14/09/2013 Caught Knapping - Flints
Saturday 14th saw about a dozen members bashing rocks ! No, we hadn't been given hard labour but were trying our hand at flint knapping. Antony Whitlock from ExeterUniversity demonstrated the manufacture of a range of tools from flint cores and flakes. This followed on neatly from Robert's lecture of a fortnight earlier.
He began by breaking a pebble to make a chopping tool such as would probably have been made on the spot for immediate use by early man. Later humans made more sophisticated hand axes in advance by chipping away flakes until they had made the core into a pre-determined shape. The flakes had useful sharp edges and some would be used for making other tools.

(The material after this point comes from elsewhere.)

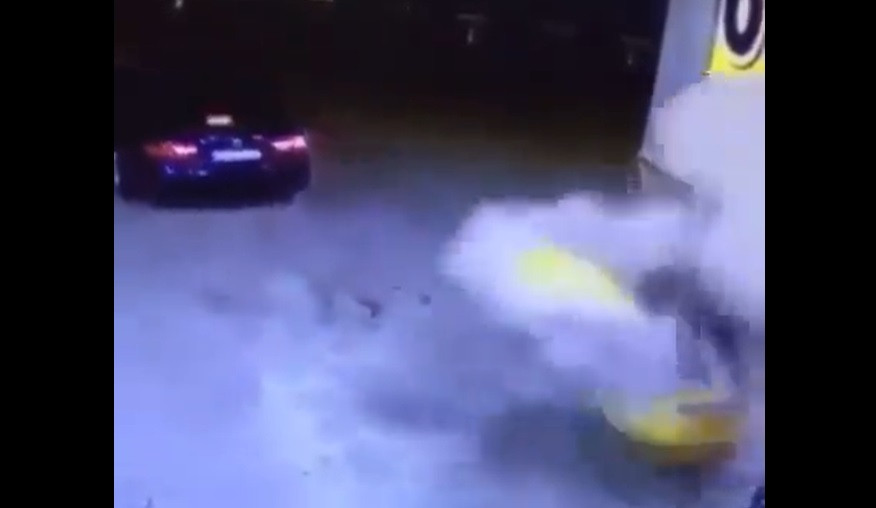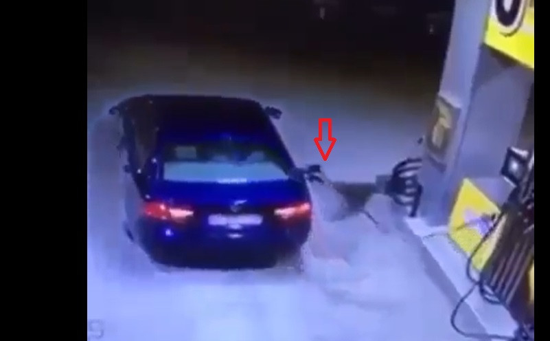 Đoạn clip ghi lại cảnh một chiếc ô tô vào trạm xăng để đổ xăng. Tuy nhiên, sau khi đổ xăng xong tài xế lên thẳng xe rời đi mà quên rút vòi bơm. Hành động sơ suất này đã dẫn tới sự cố chiếc xe kéo đổ cả cột bơm xăng, gây cháy dữ dội.

Our tutor talked us through the knapper's thought process, showing us how he would search for or form edges with angles of less than 90 degrees and then strike a blow of just the right weight onto a convex surface where it's energy would most easily remove a long flake, such as at the end of a ridge. This he demonstrated with aplomb. He showed us some he'd made earlier and like a magic trick, lifted a flake from what had appeared to be a solid rock, then another from beneath it.
In later Palaeolithic times, cores were prepared especially to get more of the suitable flakes with less waste and Antony showed us a Levallois core he had made and the several layers of long flakes he had removed from it, all good blades, fitting them back like reconstructing an onion. We saw how smaller flakes were made and used during the Mesolithic. Some of his bifacial hand axes were passed around, one being so slender as to be translucent. By then we could see how much thought and work had gone into its production. We also saw some examples cast in porcelain which were used as teaching aids and to study impact fractures.
Using smaller hammerstones and a soft hammer of deer antler Antony demonstrated more gentle flaking techniques, abruptly retouching an edge to form a scraper. Still one of the most common tool types during the Bronze Age, we have found some on our Drift Road excavation. He also demonstrated pressure flaking, for which by then bronze tipped ‘awls’ were probably used. With its serrated edge, the hafted knife he had made would not look too out of place in a modern cutlery drawer.
Responding to questions he showed how flakes were turned into tranchet, leaf-shaped and tanged arrowheads. We admired some complete arrows and discussed methods of extracting resin from birch bark to glue the arrowheads onto shafts, usually after lashing them on with sinews.
By then we were eager to have a go at producing a flake, so donned our goggles and each tried to remove useful pieces from a flint nodule but we needed reminding how to begin. It is not as easy as Anthony had made it look but he helped us decide how to proceed. If this was a skill most people would have attempted they must have been clever folk back then.